Editor’s Note: This is a continuation of our core conversation series, “Extraordinary Women Change the World.” Last time, Kyeli Smith talked about the adversity she faced when her hands stopped functioning normally and what she found on the other side of it. Today, Cath Duncan points out a crucial difference in the way men and women speak about success.
Think of the last time you experienced success in your business. What was the reason for that success? Write down your answer.
Now think of the last time you experienced failure in your business. What was the reason for that failure? Write down your answer for that. too.
How do you explain your successes and failures?
The research shows that if you’re a woman, there’s a good chance that you would explain your success as being a result of luck or some other fleeting and external force outside of your control, while explaining your failure as being a result of lack of skill or some other internal, personal, and enduring trait. Men, on the other hand, tend to explain their successes and failures the opposite way around.
“Men attribute their successes to themselves and to internal and stable factors and their failures to external and unstable factors, whereas women attribute their successes to external and changing factors and their failures to internal and stable factors (Deaux et al., 1975).
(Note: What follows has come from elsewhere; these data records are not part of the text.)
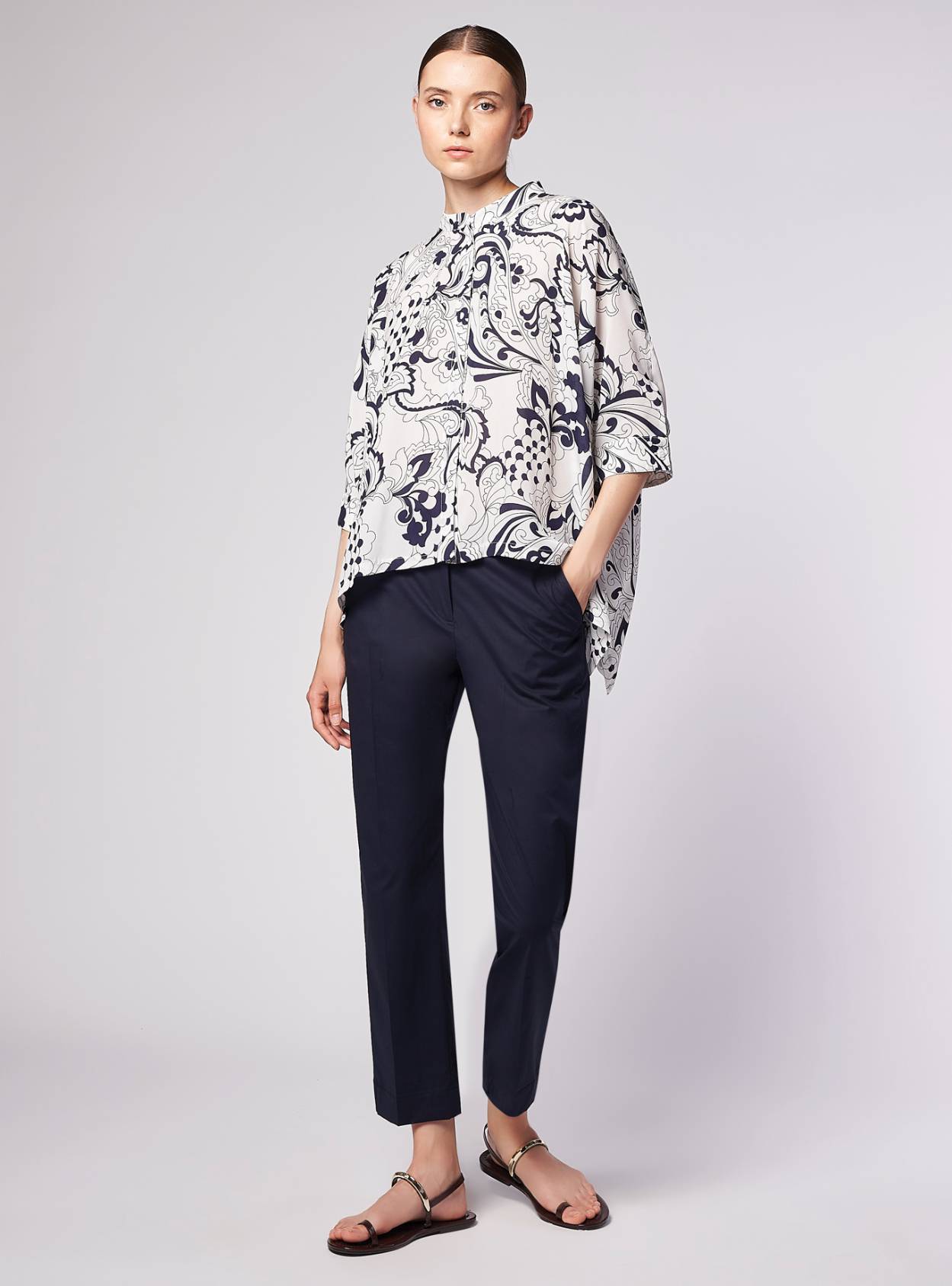 Soft fit shirt, round neckline with edge and patch pockets with cuff on the front. Long regular sleeve with one-button cuff. Cut carrè behind with counterfold.
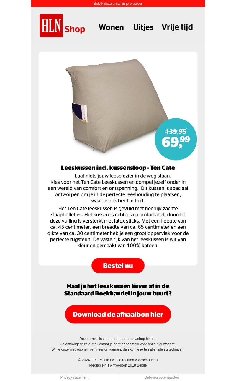 Laat niets jouw leesplezier in de weg staan met het Ten Cate Leeskussen. Deze kussen biedt ultiem comfort en ontspanning, speciaal ontworpen voor de perfecte leeshouding. Nu verkrijgbaar voor slechts €69,99, afgeprijsd van €139,95.
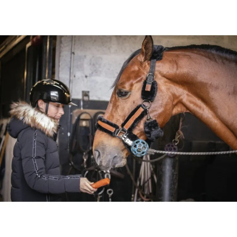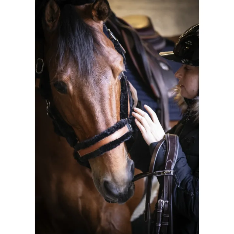 Un licol qui pense confort et esthétisme pour votre cheval. Le cuir sur la muserolle et sur les deux montants de chaque côté est entouré d’un véritable faux-mouton. Le reste du licol est en nylon, également recouvert par du mouton synthétique. Il est très souple et agréable à manipuler. Il est idéal pour faire voyager votre cheval à l’attache avec un maximum de confort ou pour des séances de pansage au top de la douceur !
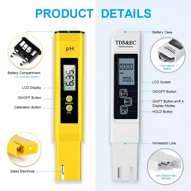 This high-performance tester measures pH (0-14 range), TDS (0-9990 ppm), and EC (0-9990 µs/cm) with exceptional accuracy of ±2%. Equipped with an auto temperature compensation function, it delivers consistent results in temperatures from 32°F to 176°F. The clear digital LCD display ensures quick readability, while the lightweight, handheld design and protective case make it perfect for both home and professional use.
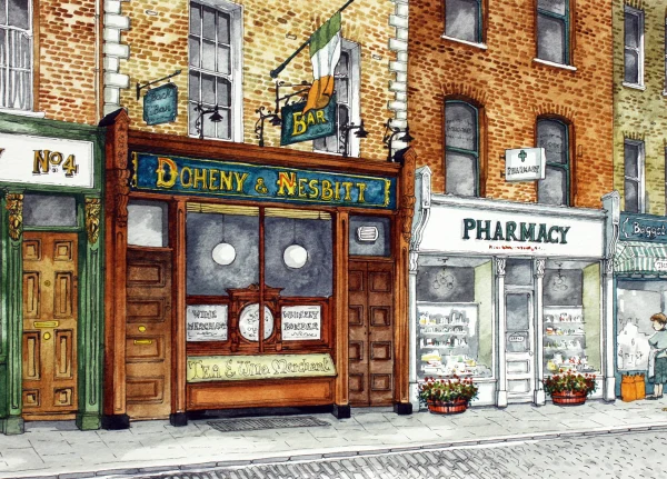 Located in Baggot street, Dublin City, this pub was established in 1867. The artist regularly met a group of friends here in the 1980s when she was studying at the National College of Art & Design which was then located on Kildare street. Painted by the artist in 1993 and released initially as part of a Pimpernel table mat collection through LL Bean in the U.S.
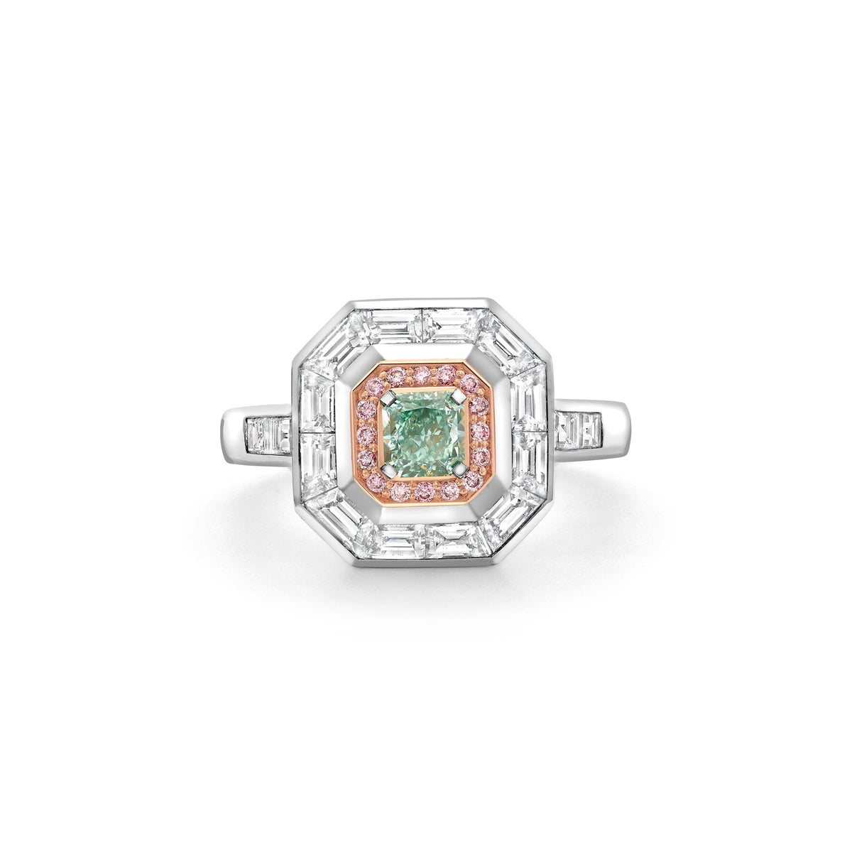 Vintage Radiant Cut Green Diamond and Pink Diamond Ring
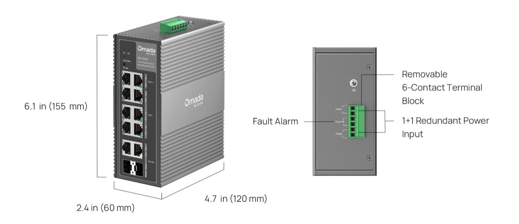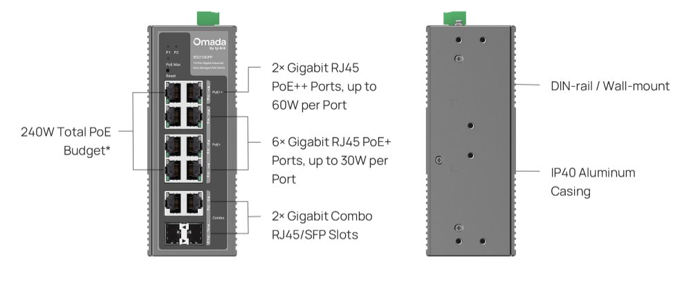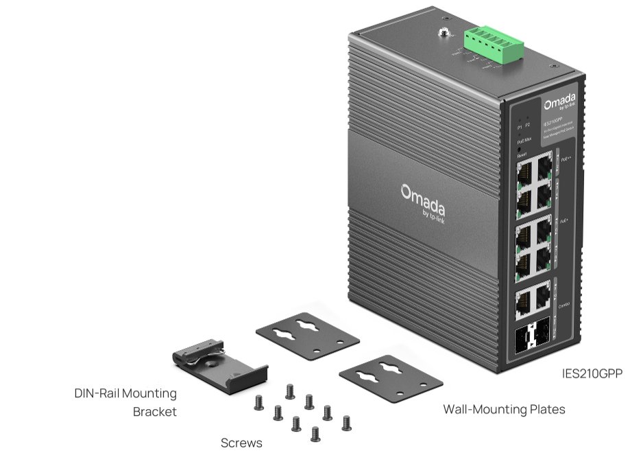 Průmyslový switch TP-Link IES210GPP je vybavený dvěma kombinovanými gigabitovými R45/SFP sloty a osmi gigabitovými RJ45 porty, z nichž 2 podporují PoE++ a 6 portů podporuje napájení PoE+. K dispozici máte celkový rozpočet napájení 240 W (až 60 W na každý port PoE++). Odolné hliníkové pouzdro s krytím IP40 zajišťuje odolnost vůči nepříznivému počasí a teplotám od -40 do +75 °C. Samozřejmostí je navíc ochrana proti blesku 6 kV. Switch nainstalujete buď na DIN lištu, nebo na stěnu.
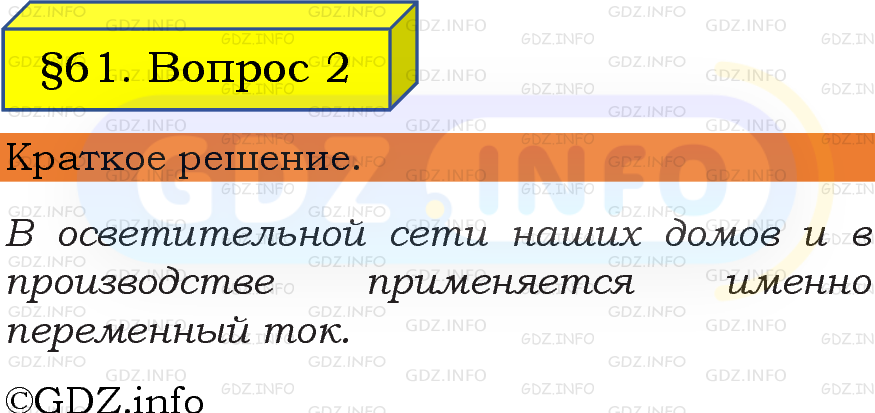 ГДЗ (готовое домашние задание из решебника) по Физике 8 класса авторов И. М. Перышкин, А. И. Иванов, Просвещение, 2023-2025г. ФГОС на Вопрос №2, § 61. Переменный электрический ток. Генератор переменного тока.
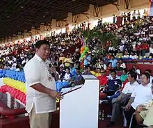 Franklin Magtunao Drilon (born November 28, 1945) is a Filipino lawyer and former politician.[2] Drilon is the acknowledged father of Corporate Lawyers in the Philippines, having sponsored and wrote the Revised Corporation Code in 2018.[3] He had the longest tenure in the Senate of the Philippines (tied with Lorenzo Tañada and Tito Sotto), having served four non-consecutive terms overall: from 1995 to 2007 and 2010 to 2022. He has served thrice as president of the Senate: in 2000, from 2001 to 2006, and from 2013 to 2016.
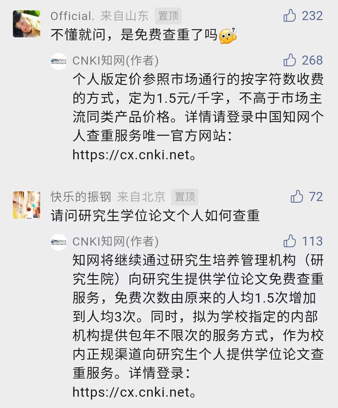 对个人用户提供服务的价格也非常优惠,相比以往查重动辄要几百乃至上千,现在只需要1.5元/千字,不高于市场主流同类产品,按照一万字的论文查重三次算,只需要45元。研究生们虽然享受不到这个价格,但知网也承诺拟为学校指定的内部机构提供包年不限次的服务方式,作为校内正规渠道向研究生个人提供学位论文查重服务,研究生学位论文免费查看的次数也会增加。
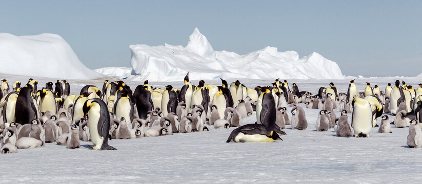 A colony of Emperor penguins (aptenodytes forsteri)on the ice of Davis sea,Eastern Antarctica
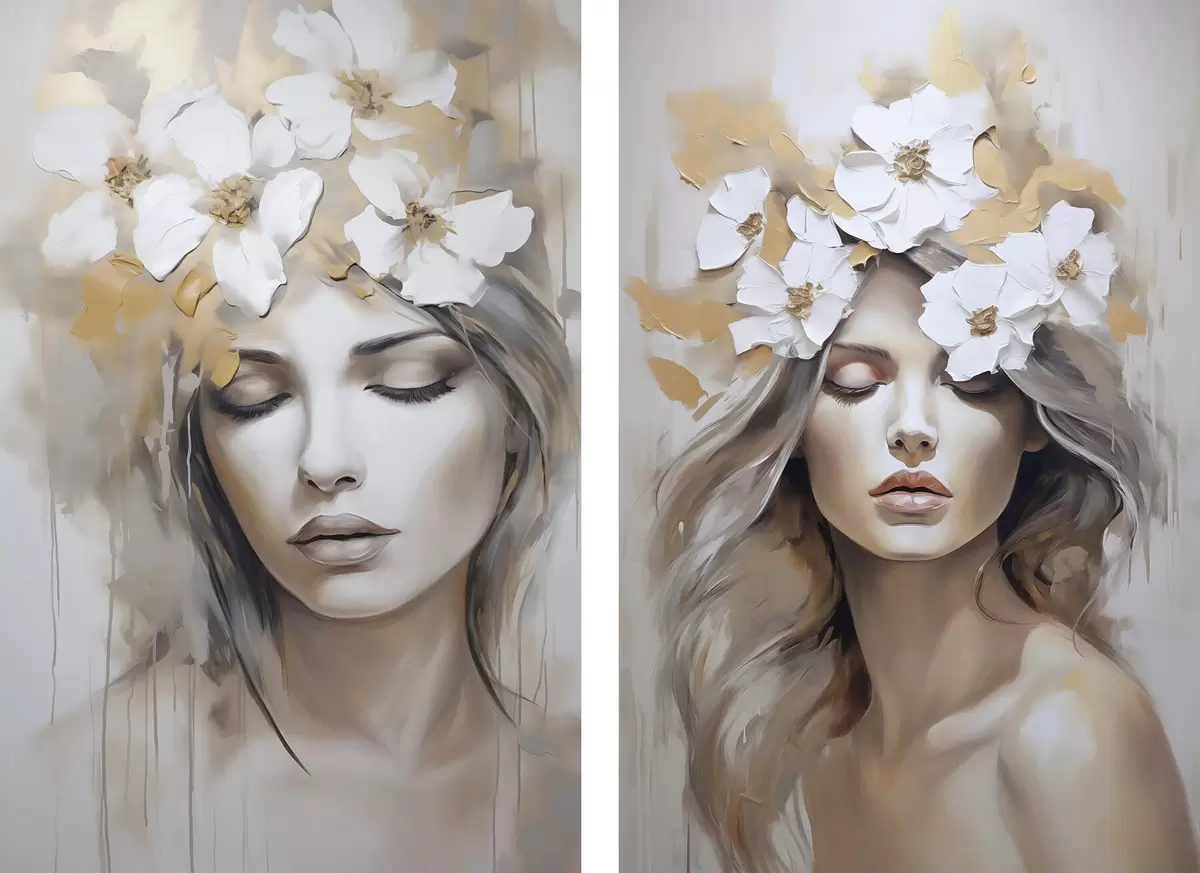 Poster Abstraktes Porträt eines Mädchens mit Blumen, Nachahmung eines Gemäldes Nr d01034
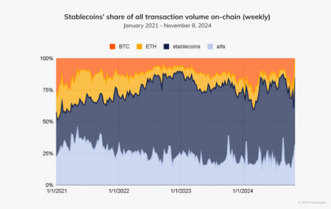 گزارش Chainalysis بر تسلط استیبل کوین ها در تراکنش های زنجیره ای تاکید کرد. بر اساس این گزارش، استیبل کوین ها بین 50 تا 75 درصد از کل تراکنش های زنجیره ای را از آغاز سال 2024 به خود اختصاص داده اند.
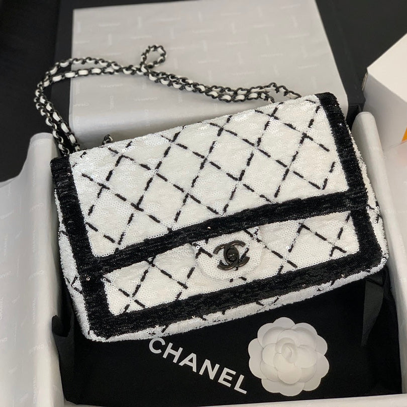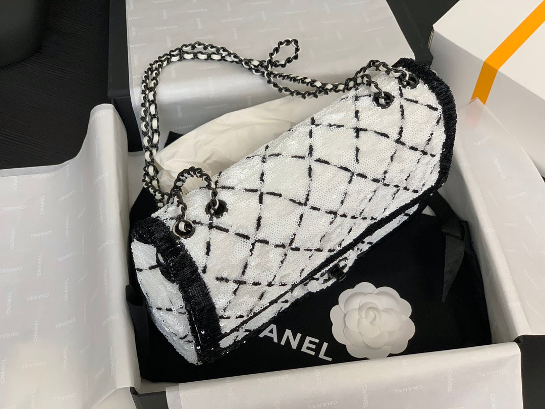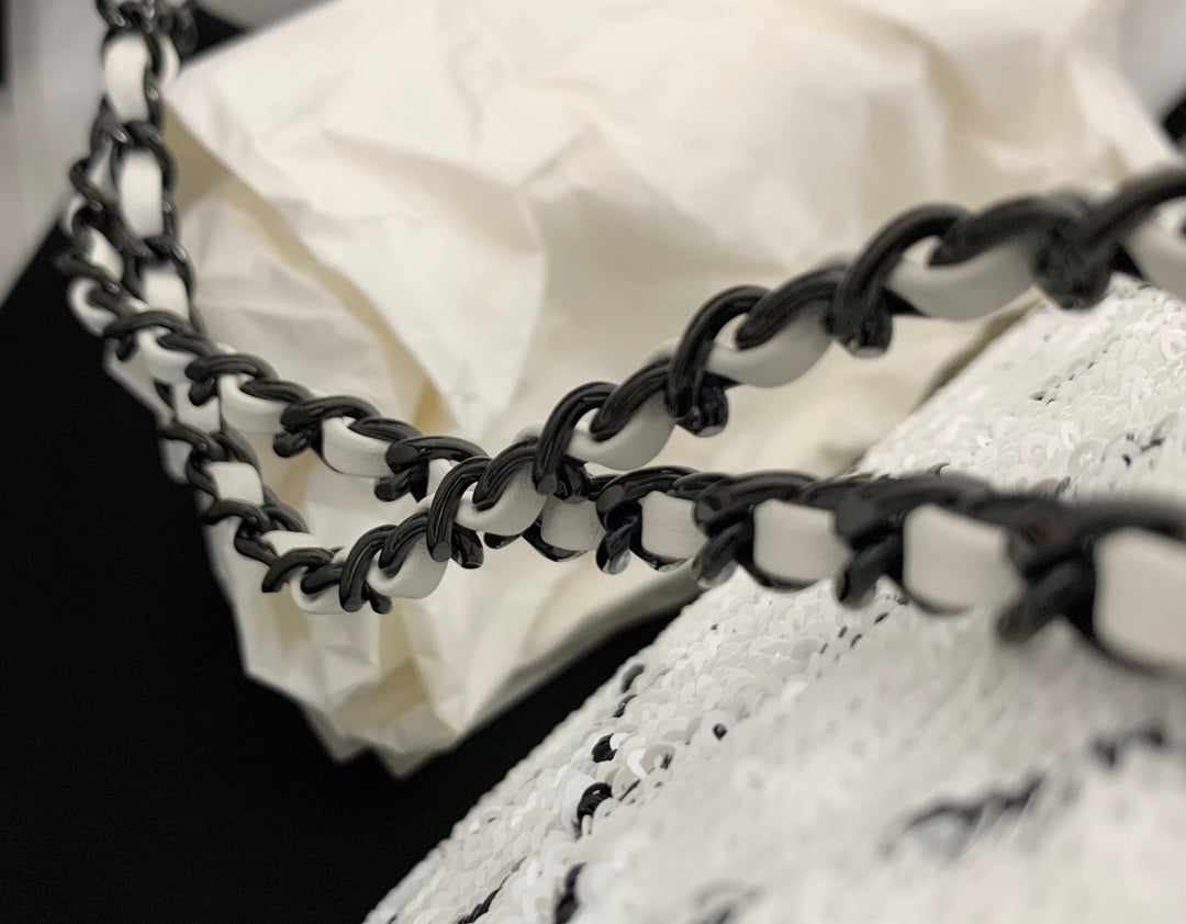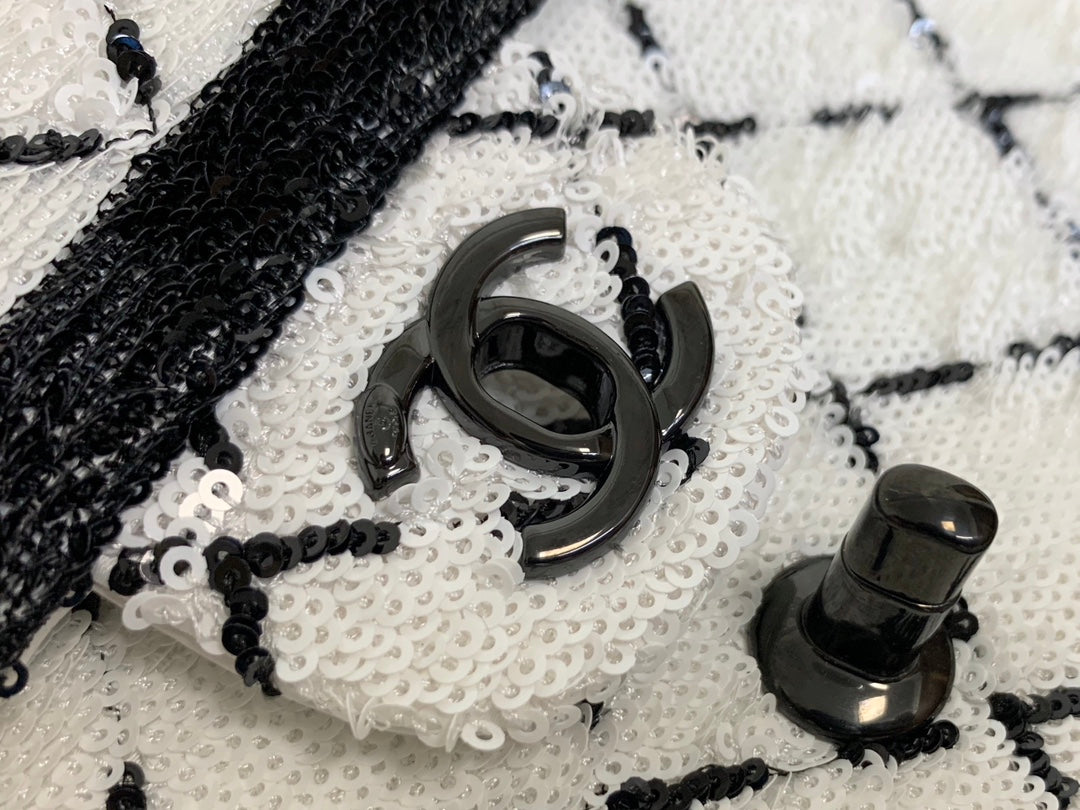 CC 2025 Flap Bag Black White Sequin 298964
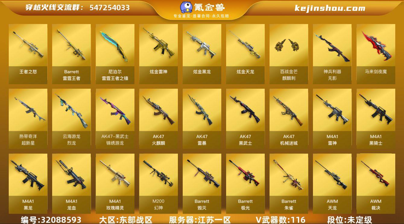 江苏一区-129V-14王者武器数-5炫金武器数 【热门武器】:QBZ03-金色蔷薇,Scar Light-白虎,M200-幻神,死亡之眼*2,M4A1-黑骑士,汤姆逊-烈龙*5,加特林-炼狱,降世魔童,USP-雷暴,沙鹰-修罗*4,炽芒蝶刃 【王者炫金武器】:王者之怒,Barrett-雷霆王者,雷霆王者之锋,炫金骑士,炫金黑龙,炫金雷神*2,炫金天龙 【音效卡】:M4A1-黑骑士音效卡,Barrett-毁灭音效卡 【皮肤】:白虎-大汉风骨,雷神-暗月,雷神-星空,雷神-维纳斯皮肤,火麒麟-雷神,火麒麟-冠军之心,毁灭耀金皮肤,毁灭-星空,毁灭-英雄计划 皮肤,黑龙-能量核心,黑龙-墨子皮肤,黑骑士-暗月,AK47-黑武士-361,战神-紫绶金章皮肤*6,战神-流金岁月皮肤,天龙-秘银*2,极光-能量核心*2,修罗-能量核心,屠龙-春桃 皮肤 【角色】:零,炫,春,审判者,王者-瞳-闭月羞花,堕落女神,奇洋探员,修道士,云海玲珑,暗夜-X,初恋灵狐,电竞少女,飞虎队-X,风暴女,嘉年华灵狐,兰-新年限定,猎狐者-追月,0号玩家,零-水下丽影,灵狐-花神,灵狐者-黄金海岸,灵狐者-职业经理,龙儿,麻雀,曼陀罗-X,曼陀罗-礼服,潘多拉-X,潘多拉-甜心教官,青霞仙子,蛇姬,蜀雪,铁骑荣耀,兔囡囡,新娜塔莎,雪莉杨,雪莉杨-摸金校尉,夜玫瑰-幻能朋克,影武者-X,游珑儿 【人偶武器】:星神-炽天使,AWM-灵狐-15周年嘉年华,COP-旗袍,迷你深渊冰龙,闪光弹-小乔,迷你超能女侍,降世魔童 【暴走生化】:死亡之眼*2,超级对讲机 【挑战大师】:神圣爆裂者III,AK47-冰龙粉碎者,激光毁灭者III-白马银枪,激光毁灭者III,阐释者III 【英雄级武器】:AK47-火麒麟,M4A1-黑龙*3,M4A1-雷神*3,M4A1-黑骑士,AK47-黑武士,AK12-天启,AK47-机械迷城,M4A1-龙血,AK47-雷暴,Scar Light-白虎,无影-神兵利器,黑武士-锦绣游龙,超新星-热带奇洋,M4A1-玫瑰精灵...
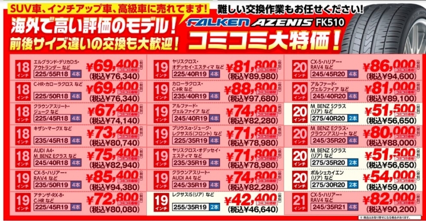 大口径18・19・20インチが安い!
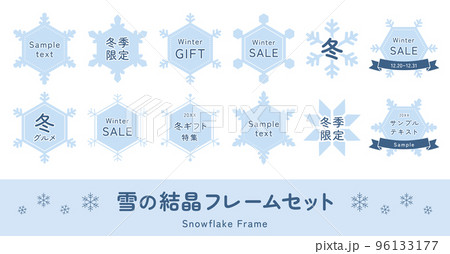 雪の結晶のフレームイラストセット 冬、クリスマス飾り 見出しラベル素材
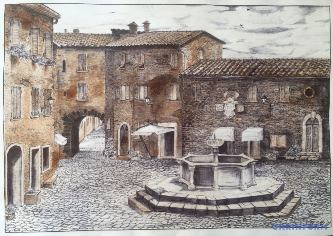 Сущенко за время заключения передал уже восемь рисунков. До этого он изобразил весенний пейзаж, вид на Париж и город Сен-Мало, швейцарский город Женеву и итальянскую Перуджу, а также пейзаж украинской местности - реки Рось.

When participants were asked to evaluate equal performances of others and to point out the reasons for success, both men and women attributed the success of men to their talent. (Deaux & Emswiller, 1974).” – Original source: Rubenstein, 2004.
This research was done in the seventies, so I asked on Facebook whether my friends thought that things had changed. Here’s what a few of my smart female friends had to say:
“Unfortunately, I don’t think this has changed near enough. We see some progress in some areas of society; however, overall the socialization for boys and girls around success and internalization and externalization are still quite rigid.” – Angela Wheeler
“I recently read an article where a female executive said that she posts a position that has 8 criteria for the candidate. Guys will say, “I have 5! I have this job nailed!” and women say, “I only have 7.5, they’ll never pick me”, so … no, not much has changed. But this is something I really try to focus on with my clients so maybe we can change it … person by person.” – Michele Woodward
“I think it’s spot on with how I think versus how my fiance thinks. And we’ve recently had discussions about how upbringing with social expectations drastically shapes boys versus girls. I would like to read more!” – Rebekah McClain
“Don’t think it has changed at all! Are we that predictable? I have seen in the business world how men will quickly point out when they did a specific job or task well — quickly taking ownership of a success — whereas women wait for someone else to point it out when they did something well.” – Karlien Scholtz
These friends of mine are women who know a thing or two about taking on big challenges and creating unusual levels of success. Most of you here know Angela as PF’s Operations Specialist and Community Manager, and you probably know that she recently overcame a near-death experience that she so powerfully turned around. But since (like many other women) Angela is fairly modest about her successes, you might not know that Angela also backpacked through Europe one summer, conducted research and took classes in Central America, has worked as a prevention advocate at a domestic violence and sexual assault center, has a PhD in Sociology, and is a published author, successful grant writer, speaker, and business owner.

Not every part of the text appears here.